Lumbar radiofrequency neurotomy is used to “turn off” the specific medial nerve that carries information about facet joint pain. The facet joints are vulnerable to “wear and tear” that can lead to abnormal growths (bone spurs), enlarged joints, and osteoarthritis, a degenerative form of arthritis. This may be termed “facet joint disease” or “facet joint syndrome.”

Symptoms

acet joint syndrome in the lumbar spine can cause pain in the lower back, buttocks, and the backs of the thighs. Pain and stiffness may make it difficult for you to stand up or move. For example, it may be challenging to rise from a chair.

Diagnosis

Your doctor will examine you and conduct tests to determine if you have facet joint disease. Imaging tests, lab tests, and nerve studies may be used to provide your doctor with more information. Injection studies are used to identify if a specific nerve is conducting the pain signals. Lumbar radiofrequency neurotomy is used after other forms of treatment have failed to provide long-term relief. Your doctor will let you know if lumbar radiofrequency neurotomy is a treatment option for you.

Treatment

Lumbar radiofrequency neurotomy uses heat to create a lesion (damaged area) on the medial nerve. The lesion impairs the medial nerve’s ability to transmit signals about facet joint pain. Because the nerve is “turned off,” pain is not felt.

A lumbar radiofrequency neurotomy is an outpatient procedure. You will wear a gown for the procedure and be positioned lying face down on a table. You will receive relaxation medicine before your procedure begins. Your lower back area will be sterilized and numbed with an anesthetic medication.

Your doctor will use a live X-ray image (fluoroscopy) to carefully insert and guide a needle-like tube (cannula) to the affected medial nerve. A small needle-like electrode (radiofrequency electrode) is inserted through the cannula. To ensure the cannula is in the correct position, a very mild electrical current is delivered through the electrode to the nerve. The nerve will briefly conduct pain signals and cause a muscle twitch, confirming that the correct nerve is targeted. Next, numbing medication is delivered to the nerve in preparation for the treatment. Heat is delivered through the electrode to the nerve. The heat creates a lesion in the nerve. The heat disrupts the nerve’s ability to send signals about pain. At the end of the procedure, the tube and probe are removed. The process can be repeated for additional nerves that require treatment.

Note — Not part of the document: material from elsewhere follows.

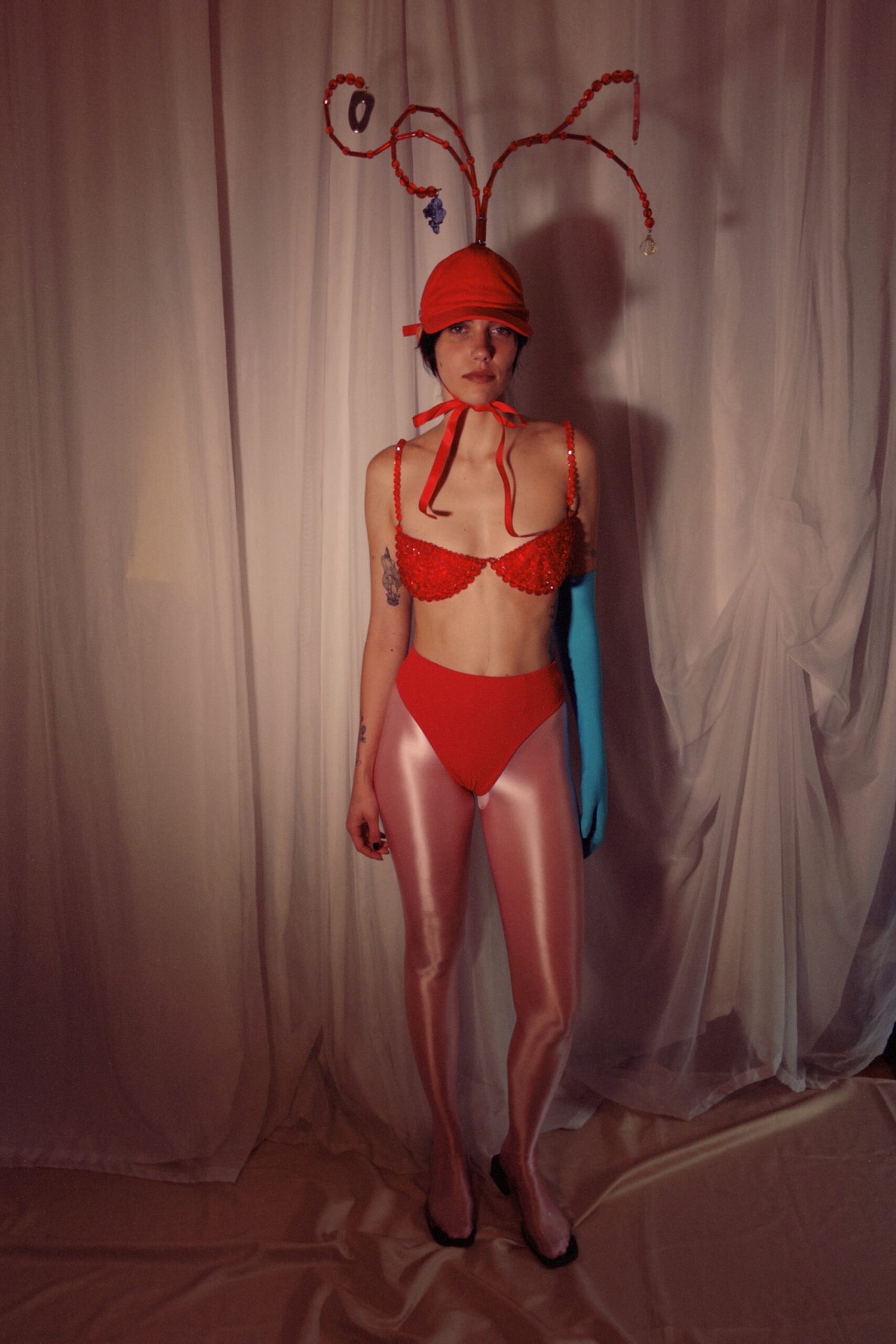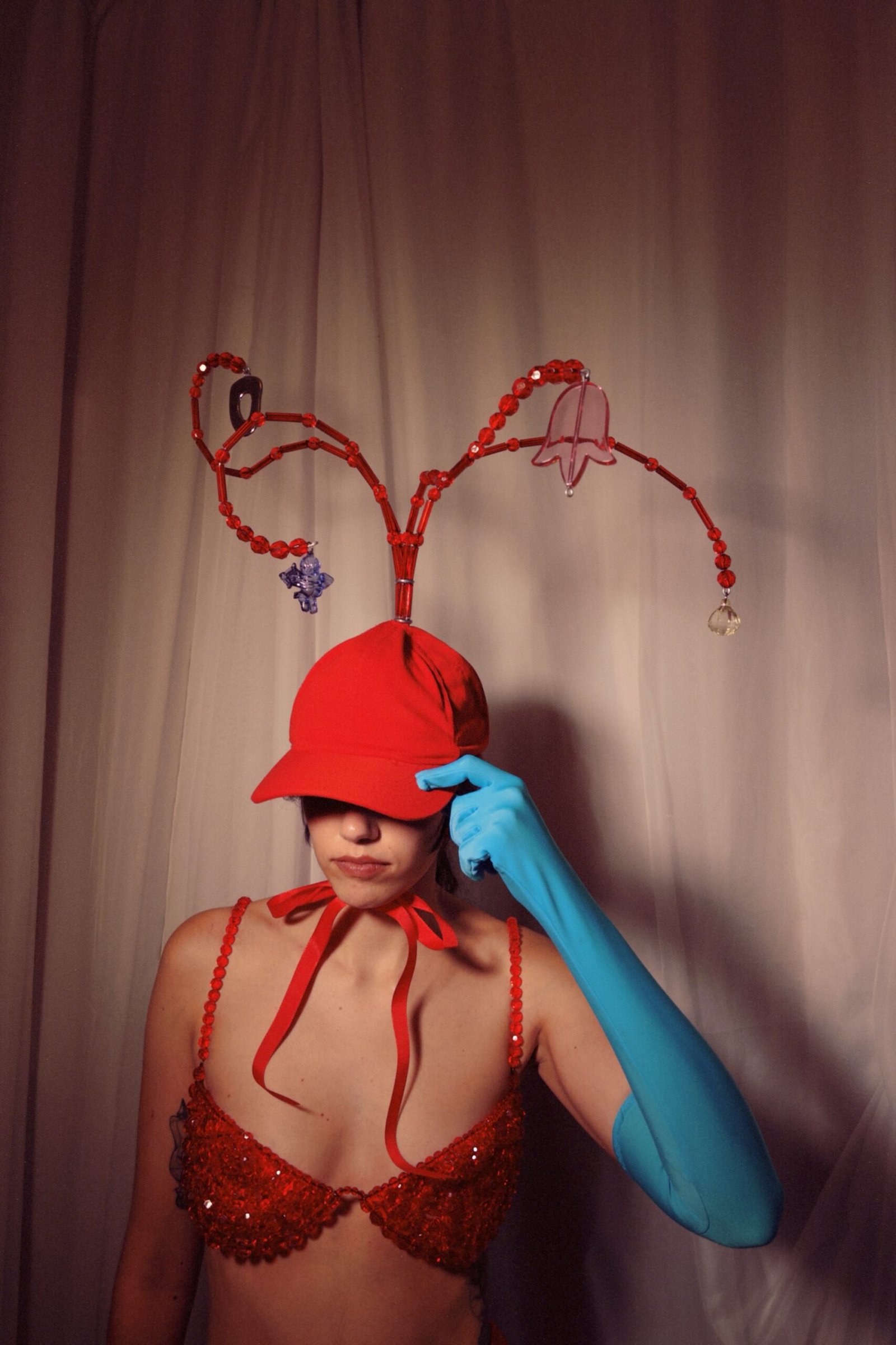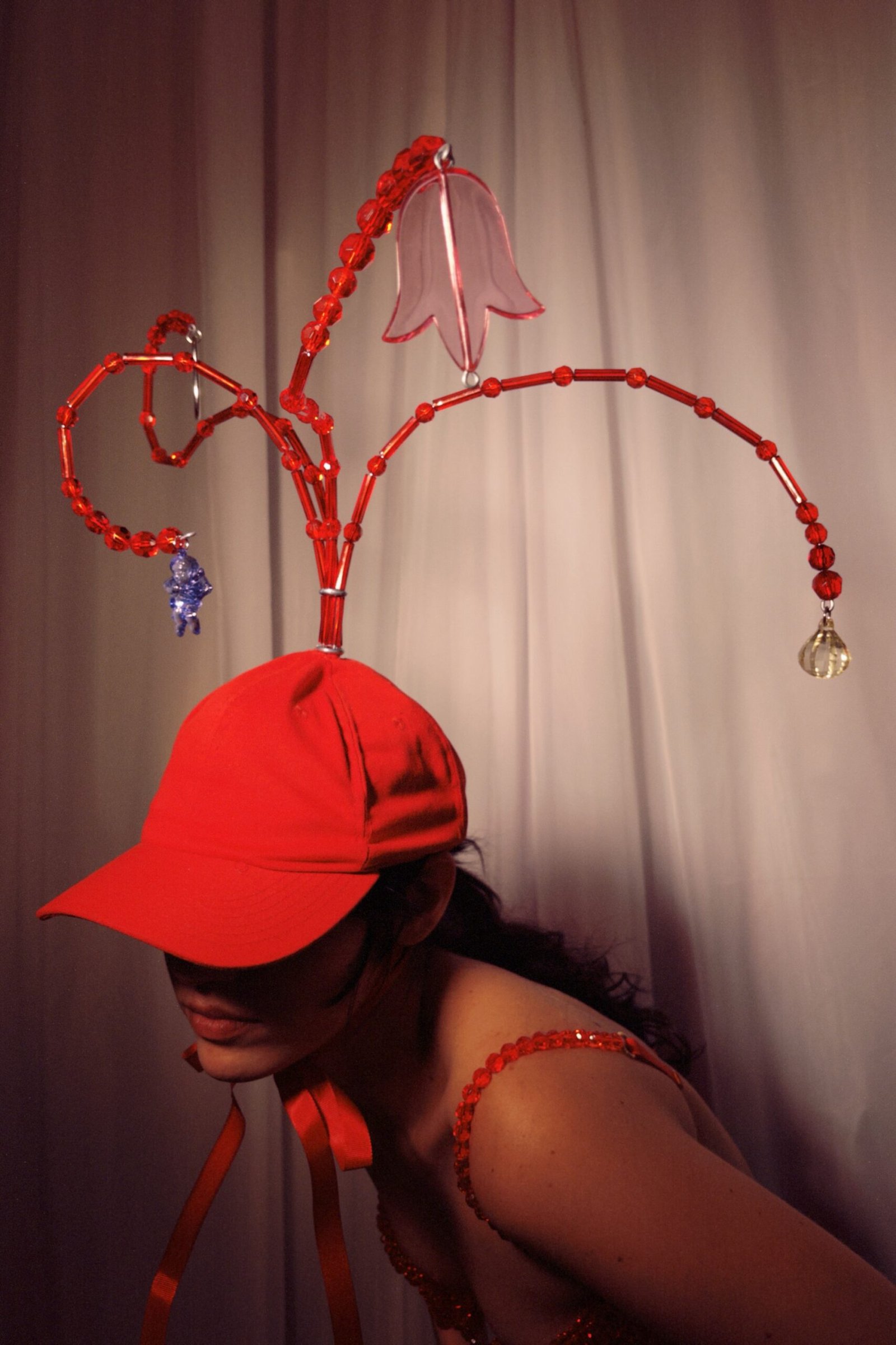 Boné de sarja 100% algodão com miçangas de acrílico tingidas manualmente.

You will be monitored for several minutes before you can return home. You should have another person drive you home because you received sedation. You should use care while resuming your regular activities over the next several days because your back will feel sore. Your doctor may prescribe pain medication, rest, and instruct you to use heat or ice packs to ease the pain.

It usually takes three to four weeks for the treated nerves to completely turn off. During this period, your back may feel weak or odd. You may experience pain until the nerves are dead.

Lumbar radiofrequency neurotomy typically provides symptom relief for about a year or longer. Physical therapy can help you regain strength and flexibility so that you can resume your favorite activities. If you experience pain, the procedure may be repeated.